Think about what you do in a working day – maybe sitting at your desk on Facebook or deliberating over that budget. It’s a tough life.
For Ed Harcourt, he spent less than that working day making one of the most beautiful, heart-breakingly tender albums of the last year, if not decade, if not ever.
In just six small hours, Harcourt locked himself away in Abbey Road studios with a guitar, a piano, an organ, a lone violinist and his haunting, breathy, tragic voice. In those short few hours, he managed to create something that will make you stop and listen.
Opener ‘The Cusp and the Wane’ could cut through the nosiest of rooms with just its few chords while you can hear Harcourt’s torture in ‘Wandering Eye’ as if he were singing right at you, baring his very soul.

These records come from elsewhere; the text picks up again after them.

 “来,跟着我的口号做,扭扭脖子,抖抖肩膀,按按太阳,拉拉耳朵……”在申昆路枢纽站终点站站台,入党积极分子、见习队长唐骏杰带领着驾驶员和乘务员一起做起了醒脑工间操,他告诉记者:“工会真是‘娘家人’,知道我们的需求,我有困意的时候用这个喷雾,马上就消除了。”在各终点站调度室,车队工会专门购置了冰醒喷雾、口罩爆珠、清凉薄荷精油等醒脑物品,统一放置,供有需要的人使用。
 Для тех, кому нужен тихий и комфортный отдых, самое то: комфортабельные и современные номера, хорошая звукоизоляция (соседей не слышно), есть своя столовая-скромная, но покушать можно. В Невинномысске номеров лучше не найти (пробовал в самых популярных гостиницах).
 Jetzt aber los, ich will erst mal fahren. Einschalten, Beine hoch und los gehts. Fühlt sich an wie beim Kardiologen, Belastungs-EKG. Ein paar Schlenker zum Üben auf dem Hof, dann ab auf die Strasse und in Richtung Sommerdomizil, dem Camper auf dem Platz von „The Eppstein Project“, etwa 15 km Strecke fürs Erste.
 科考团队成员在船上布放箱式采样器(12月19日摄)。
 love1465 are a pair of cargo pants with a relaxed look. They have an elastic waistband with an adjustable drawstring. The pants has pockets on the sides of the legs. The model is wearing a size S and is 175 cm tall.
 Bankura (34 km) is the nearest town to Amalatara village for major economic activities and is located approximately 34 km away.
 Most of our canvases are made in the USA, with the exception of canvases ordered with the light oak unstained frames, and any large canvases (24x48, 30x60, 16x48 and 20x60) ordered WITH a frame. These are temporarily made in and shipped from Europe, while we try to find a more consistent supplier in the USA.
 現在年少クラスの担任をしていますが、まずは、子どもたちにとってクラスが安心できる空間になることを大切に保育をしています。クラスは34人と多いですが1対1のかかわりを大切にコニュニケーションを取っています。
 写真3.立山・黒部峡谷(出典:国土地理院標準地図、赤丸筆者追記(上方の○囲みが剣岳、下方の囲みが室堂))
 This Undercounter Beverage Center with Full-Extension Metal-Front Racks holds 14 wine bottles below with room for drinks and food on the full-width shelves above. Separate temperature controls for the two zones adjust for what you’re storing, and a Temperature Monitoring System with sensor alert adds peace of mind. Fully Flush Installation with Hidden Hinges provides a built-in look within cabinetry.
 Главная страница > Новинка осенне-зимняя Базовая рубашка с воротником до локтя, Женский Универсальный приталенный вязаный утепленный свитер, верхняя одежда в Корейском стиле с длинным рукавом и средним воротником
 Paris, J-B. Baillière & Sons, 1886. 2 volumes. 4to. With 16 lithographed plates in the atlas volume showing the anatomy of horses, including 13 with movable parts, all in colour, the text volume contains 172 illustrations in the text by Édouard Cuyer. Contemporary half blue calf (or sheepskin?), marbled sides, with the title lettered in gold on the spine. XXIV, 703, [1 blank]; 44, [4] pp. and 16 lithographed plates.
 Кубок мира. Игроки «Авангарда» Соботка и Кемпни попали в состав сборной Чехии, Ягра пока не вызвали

While the recording was just six hours and the writing just a few weeks more, it feels like these songs could have taken years to pen – or at least been based on years of wonder, self-loathing, regret, love and family. Harcourt takes you on the most personal of journeys and brings beauty out of his beasts.
‘She’s the buzz from my guitar, she’s the mummur in my heart’ he sings, snatching the award for tear-inducing romance from the likes of King Creosote, Glen Campbell of even Brian Wilson. You just believe it.
Yes, it’s very stripped down, but Harcourt’s voice creates the atmosphere and all the depth you need. It's different to his other studio albums in content, but, even with a mellower tone and direction, it's still his wonderful blend of pop folk, just with added melancholy. On occasion, you can even hear the Harcourt-isms in your head and what the song would sound like if recorded with a full band.
It’s fair to say he’s had a rocky past, occasionally on the wrong side of all the stuff that’s bad for us, but he always manages to pull himself back from the brink and here, with melodies as simple as nursery rhymes wrapped in blues, you journey with him through despair and come out the other end smiling. 'The man that time forgot', played on the richest of pianos, ends the album on a solemn note and with maybe the starkest of his lyrics, 'Everyone I love, has mostly given up' – you're left just hoping, praying, that he's been forgiven.
This album skips by in the blink of an eye and you’ll find yourself listening to it over and over – when you’re happy, sad, angry, lonely or euphoric. It's a gem for Harcourt fans and the sweetest of introductions for new listeners.